FOURIER TRANSFORM INFRARED ANALYSIS OF ULVA LACTUCA AND GRACILARIA CORTICATA AND THEIR EFFECT ON ANTIBACTERIAL ACTIVITY

Authors

  • RADHIKA D Dr.D.Radhika,Associate Professor,Dept Of Zoology,V.O.C.College,Thoothukudi-628008.
  • Mohaideen A A.MohaideenResearch Scholar,Dept of Zoology,V.O.C.College,Thoothukudi-628008.

Abstract

 

In the present work, we used two seaweeds Ulva lactuca and Gracilaria corticata, which were collected from Hare Island in the Gulf of Mannar of
Tuticorin coast. Ethanol was taken as the solvent for extraction. The crude extract was purified using column chromatography. Antibacterial activity
of crude and column purified fractions were tested against Klebsiella, Aeromonas, Staphylococcus, Escherichia and Pseudomonas using well-diffusion
method. Maximum zone of inhibition (9 mm) was found in the crude extract of G. corticata against Pseudomonas sp. Minimum zone of inhibition (4
mm) was found in U. lactuca fraction1 against Escherichia coli. Highest antibacterial activity was obtained in red seaweed, whereas, green seaweed
showed less antibacterial activity.
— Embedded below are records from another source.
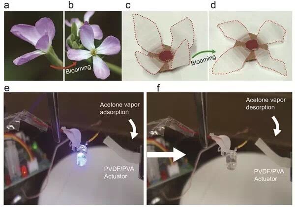 智能化薄膜定项打卷,仿真模拟花瓣运动及在有机溶剂气氛中的长久运动(自上而下)
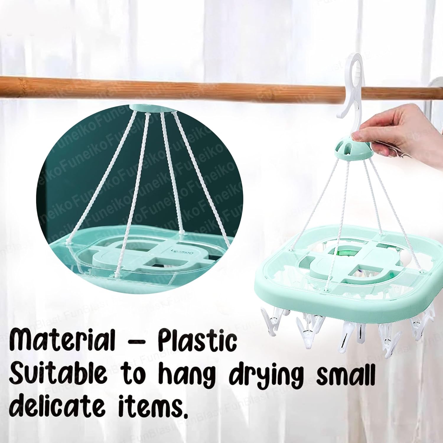 Clips Hanger for Clothes Drying, Plastic Square Shape Cloth Drying Hanging Hanger with 24 Clips/Pegs, Baby Clothes Hanger, Clips for Cloth Hanging, Cloth Clips lc
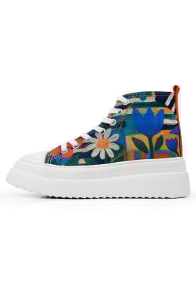 Femme Vegan Multicolore Baskets Montantes à Plateforme - Blossom Hug Motif
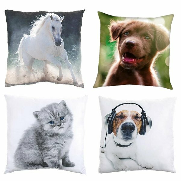 Kussen dieren kind 40x40 cm assorti 1 stuks. Schattig kinder sierkussen met een afbeelding van een paard, poesje of hondje. Leuk voor de kinderen voor in de slaapkamer. Het kussen is gemaakt van 100% polyester en is uitwasbaar in de handwas. Wordt assorti dessin uitgeleverd
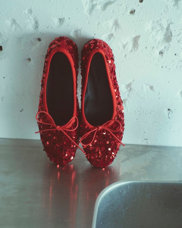 ザクザクと敷き詰められた、表情豊かなスパンコールがキャッチーな1足。どこかレトロな甲深めのデザインも今の気分にマッチ。カジュアル服の足元に、ドレスアップ要素として。

From this study, we can conclude that red seaweeds have more active than green seaweeds. The seaweed powder
was analyzed in Fourier transform infrared spectrometer. It was observed that both seaweed contained phenol and alcohol compounds, which were
responsible for the antibacterial activity.

Keywords: Antibacterial activity, Fourier transform infrared, Seaweeds, Ulva lactuca, Gracilaria corticata.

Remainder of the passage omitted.